The problem - The records underneath are to be printed in full and exactly, with no pictures carried over.

Extracted records -

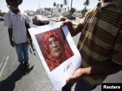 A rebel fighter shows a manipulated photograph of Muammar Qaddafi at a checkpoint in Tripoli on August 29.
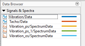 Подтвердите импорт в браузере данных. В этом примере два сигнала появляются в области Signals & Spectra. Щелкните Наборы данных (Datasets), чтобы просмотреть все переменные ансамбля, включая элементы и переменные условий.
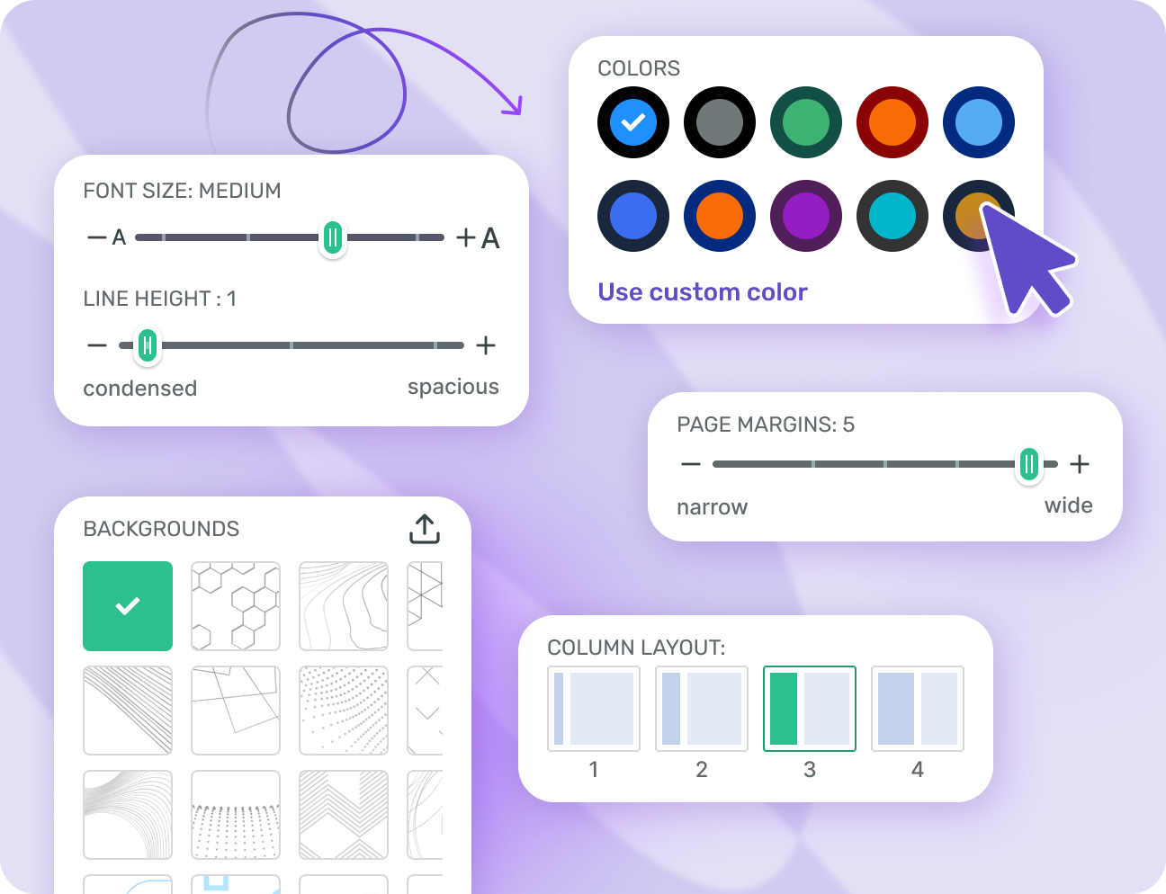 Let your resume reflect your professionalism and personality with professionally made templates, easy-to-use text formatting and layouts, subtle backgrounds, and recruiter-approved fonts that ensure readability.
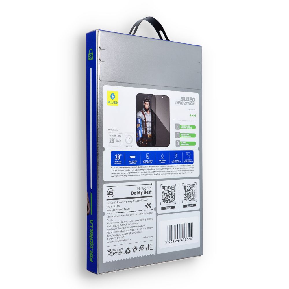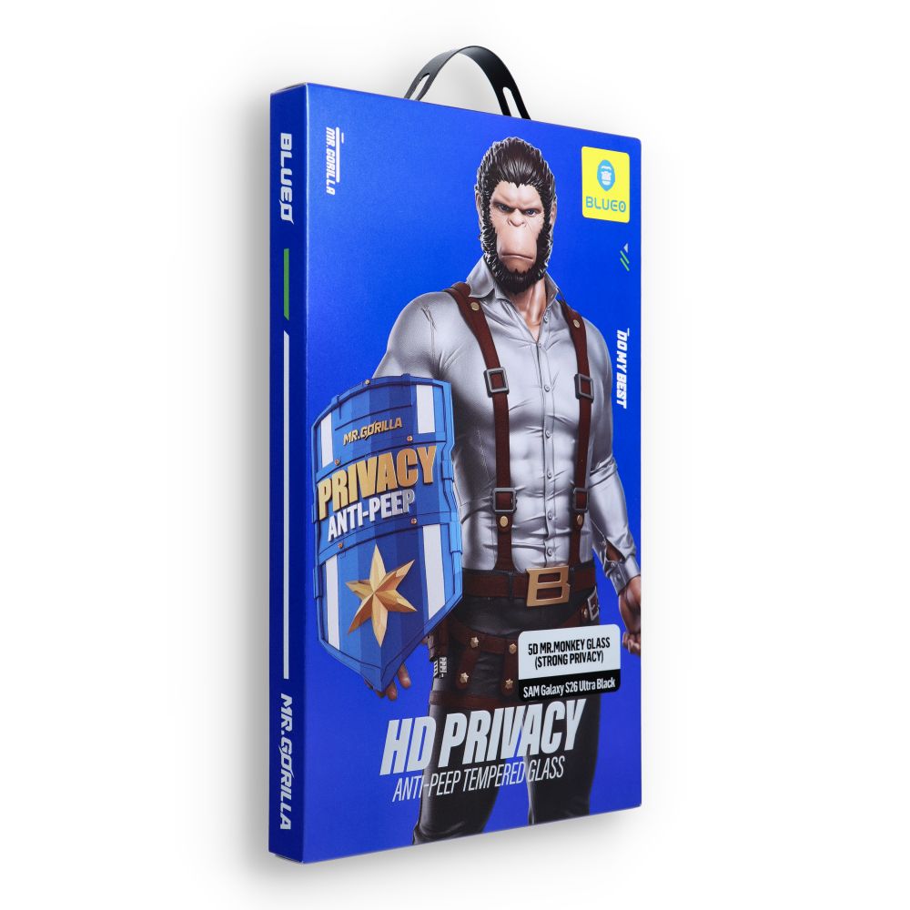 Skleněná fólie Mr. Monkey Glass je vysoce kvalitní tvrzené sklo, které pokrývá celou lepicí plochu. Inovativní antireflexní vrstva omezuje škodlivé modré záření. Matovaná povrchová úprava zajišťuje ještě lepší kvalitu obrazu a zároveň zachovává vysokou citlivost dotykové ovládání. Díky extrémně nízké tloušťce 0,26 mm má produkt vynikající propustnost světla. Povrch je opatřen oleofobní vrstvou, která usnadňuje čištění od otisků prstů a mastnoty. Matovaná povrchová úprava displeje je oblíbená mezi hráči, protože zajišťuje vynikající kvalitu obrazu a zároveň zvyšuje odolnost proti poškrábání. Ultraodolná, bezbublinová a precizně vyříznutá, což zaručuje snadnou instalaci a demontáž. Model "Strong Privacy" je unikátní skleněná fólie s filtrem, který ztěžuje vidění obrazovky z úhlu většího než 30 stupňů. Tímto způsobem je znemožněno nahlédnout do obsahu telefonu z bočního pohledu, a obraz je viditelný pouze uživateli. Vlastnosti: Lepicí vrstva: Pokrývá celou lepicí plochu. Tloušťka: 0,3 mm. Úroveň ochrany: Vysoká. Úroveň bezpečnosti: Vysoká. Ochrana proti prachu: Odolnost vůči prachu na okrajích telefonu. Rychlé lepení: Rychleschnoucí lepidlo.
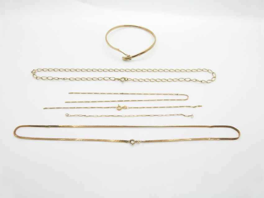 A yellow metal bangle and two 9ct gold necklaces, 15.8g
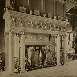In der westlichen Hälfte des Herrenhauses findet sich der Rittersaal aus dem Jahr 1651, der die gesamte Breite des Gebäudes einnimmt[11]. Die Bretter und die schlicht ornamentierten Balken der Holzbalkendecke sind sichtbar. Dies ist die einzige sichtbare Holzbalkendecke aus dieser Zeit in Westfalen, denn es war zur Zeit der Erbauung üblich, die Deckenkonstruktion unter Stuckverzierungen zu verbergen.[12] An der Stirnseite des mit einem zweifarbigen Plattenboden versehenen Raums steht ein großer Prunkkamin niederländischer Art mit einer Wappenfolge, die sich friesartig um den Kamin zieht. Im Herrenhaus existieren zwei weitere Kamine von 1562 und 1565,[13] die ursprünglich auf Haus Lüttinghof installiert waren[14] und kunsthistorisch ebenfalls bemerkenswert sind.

Final answer -
 A rebel fighter shows a manipulated photograph of Muammar Qaddafi at a checkpoint in Tripoli on August 29.
 Подтвердите импорт в браузере данных. В этом примере два сигнала появляются в области Signals & Spectra. Щелкните Наборы данных (Datasets), чтобы просмотреть все переменные ансамбля, включая элементы и переменные условий.
 Let your resume reflect your professionalism and personality with professionally made templates, easy-to-use text formatting and layouts, subtle backgrounds, and recruiter-approved fonts that ensure readability.
 Skleněná fólie Mr. Monkey Glass je vysoce kvalitní tvrzené sklo, které pokrývá celou lepicí plochu. Inovativní antireflexní vrstva omezuje škodlivé modré záření. Matovaná povrchová úprava zajišťuje ještě lepší kvalitu obrazu a zároveň zachovává vysokou citlivost dotykové ovládání. Díky extrémně nízké tloušťce 0,26 mm má produkt vynikající propustnost světla. Povrch je opatřen oleofobní vrstvou, která usnadňuje čištění od otisků prstů a mastnoty. Matovaná povrchová úprava displeje je oblíbená mezi hráči, protože zajišťuje vynikající kvalitu obrazu a zároveň zvyšuje odolnost proti poškrábání. Ultraodolná, bezbublinová a precizně vyříznutá, což zaručuje snadnou instalaci a demontáž. Model "Strong Privacy" je unikátní skleněná fólie s filtrem, který ztěžuje vidění obrazovky z úhlu většího než 30 stupňů. Tímto způsobem je znemožněno nahlédnout do obsahu telefonu z bočního pohledu, a obraz je viditelný pouze uživateli. Vlastnosti: Lepicí vrstva: Pokrývá celou lepicí plochu. Tloušťka: 0,3 mm. Úroveň ochrany: Vysoká. Úroveň bezpečnosti: Vysoká. Ochrana proti prachu: Odolnost vůči prachu na okrajích telefonu. Rychlé lepení: Rychleschnoucí lepidlo.
 A yellow metal bangle and two 9ct gold necklaces, 15.8g
In der westlichen Hälfte des Herrenhauses findet sich der Rittersaal aus dem Jahr 1651, der die gesamte Breite des Gebäudes einnimmt[11]. Die Bretter und die schlicht ornamentierten Balken der Holzbalkendecke sind sichtbar. Dies ist die einzige sichtbare Holzbalkendecke aus dieser Zeit in Westfalen, denn es war zur Zeit der Erbauung üblich, die Deckenkonstruktion unter Stuckverzierungen zu verbergen.[12] An der Stirnseite des mit einem zweifarbigen Plattenboden versehenen Raums steht ein großer Prunkkamin niederländischer Art mit einer Wappenfolge, die sich friesartig um den Kamin zieht. Im Herrenhaus existieren zwei weitere Kamine von 1562 und 1565,[13] die ursprünglich auf Haus Lüttinghof installiert waren[14] und kunsthistorisch ebenfalls bemerkenswert sind.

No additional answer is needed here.